La piattaforma intelligente resiste e identifica gli attacchi attuali e futuri

Il team ProBOS ha costruito una piattaforma di sicurezza per nodi periferici automatizzata, personalizzabile e di facile utilizzo, che raccoglie informazioni sulla sicurezza da più dispositivi, come workstation, server e telefoni cellulari. Successivamente elabora tali dati utilizzando l’intelligenza artificiale (AI) per identificare le anomalie in pochi secondi. Una volta identificata una minaccia nota o sconosciuta, l’attività dell’aggressore viene tracciata e valutata in tempo reale. Ciò consente ai team di sicurezza di ricostruire accuratamente cosa è stato fatto e come nonché a quale tipo di risorse si è avuto accesso. Inoltre permette loro di «proteggere le infrastrutture sradicando l’aggressore e chiudendo i buchi lasciati a seguito della violazione», spiega Pelliccione. Non sono richiesti personale o competenze aggiuntive.
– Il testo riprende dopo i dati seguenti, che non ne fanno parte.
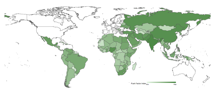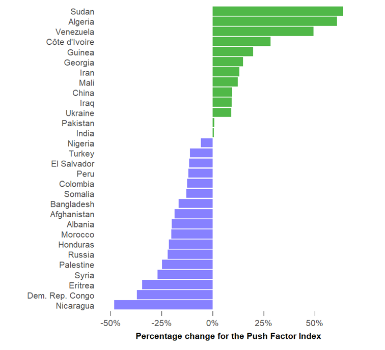 Events such as conflict, economic hardship, deteriorating governance, political tensions and social exclusion of marginalised groups have the potential to internally displace entire communities or force them to leave their homes to seek refuge in other countries. EASO uses big data on global media reports168  to quantify the frequency of such events, which are selected and weighted according to the magnitude of the effect they are likely to have on asylum-related migration. In the interests of simplification and to enable further analyses, these data have been aggregated into a composite indicator for each country of the world, referred to as the Push Factor Index (PFI).

I partner del progetto hanno sviluppato NanoOS, un componente software che funziona al di fuori del sistema operativo del dispositivo su cui sta lavorando, collocandosi in uno strato di protezione unico nel suo genere. Grazie al suo posizionamento tra l’hardware e il software del sistema operativo, il livello di sicurezza è incredibilmente difficile da disabilitare. NanoOS consente di fornire informazioni di sicurezza agli analisti, anche in scenari in cui un aggressore attivo sta deliberatamente cercando di disabilitare il sistema di sicurezza. Segue una minaccia fin dall’inizio, e come si sviluppa nel tempo. NanoOS continuerà a recuperare informazioni anche se il sistema è completamente compromesso. I partner hanno implementato una serie di motori AI per analizzare e comprendere in tempo reale i comportamenti delle applicazioni in esecuzione su un dispositivo.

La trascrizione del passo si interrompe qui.